Proxy Rotation with ThorData

Effective proxy rotation for Scholar requires both rotating and sticky session support. Rotating for search queries, sticky for multi-page profile loads:

import threading
from urllib.parse import urlparse

class ThorDataScholarProxy:
    """
    Manages ThorData proxy sessions optimized for Google Scholar scraping.

    Scholar's rate limiting tracks by IP + cookie combination.
    Sticky sessions let you complete a full author profile on one IP,
    then rotate to a fresh IP for the next author.
    """

    def __init__(
        self,
        username: str,
        password: str,
        host: str = "proxy.thordata.com",
        port: int = 9000,
        country: str = "US",
    ):
        self.username = username
        self.password = password
        self.host = host
        self.port = port
        self.country = country
        self._sticky_id: Optional[str] = None
        self._sticky_created: float = 0
        self._lock = threading.Lock()
        self._request_count = 0
        self._error_count = 0

    def rotating_url(self) -> str:
        """New IP on every request."""
        return f"http://{self.username}-country-{self.country}:{self.password}@{self.host}:{self.port}"

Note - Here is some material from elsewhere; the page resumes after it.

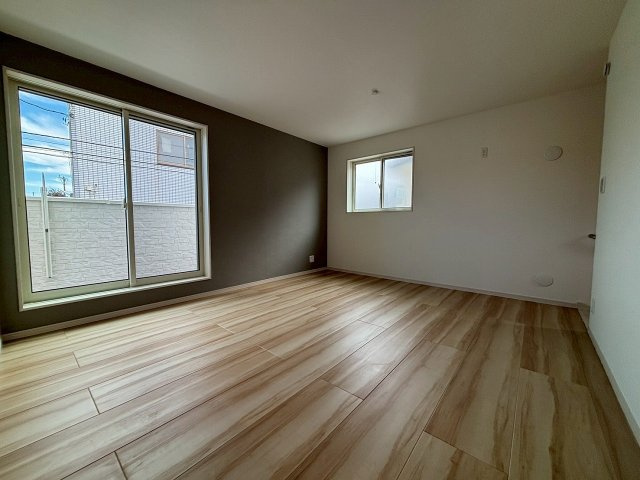 アクセントを意識した壁紙と床色のバランスがとても落ち着く空間を演出致します。2階リビングは、13.6畳でキッチンは対面式搭載です!

    def sticky_url(self, session_minutes: int = 10) -> str:
        """Same IP for up to session_minutes."""
        with self._lock:
            now = time.time()
            if not self._sticky_id or (now - self._sticky_created) > session_minutes * 60:
                self._sticky_id = f"scholar{random.randint(10000, 99999)}"
                self._sticky_created = now
            return (
                f"http://{self.username}-country-{self.country}-"
                f"session-{self._sticky_id}:{self.password}@{self.host}:{self.port}"
            )

    def rotate(self):
        """Force new sticky session on next call."""
        with self._lock:
            self._sticky_id = None
        logger.info("Proxy session rotated")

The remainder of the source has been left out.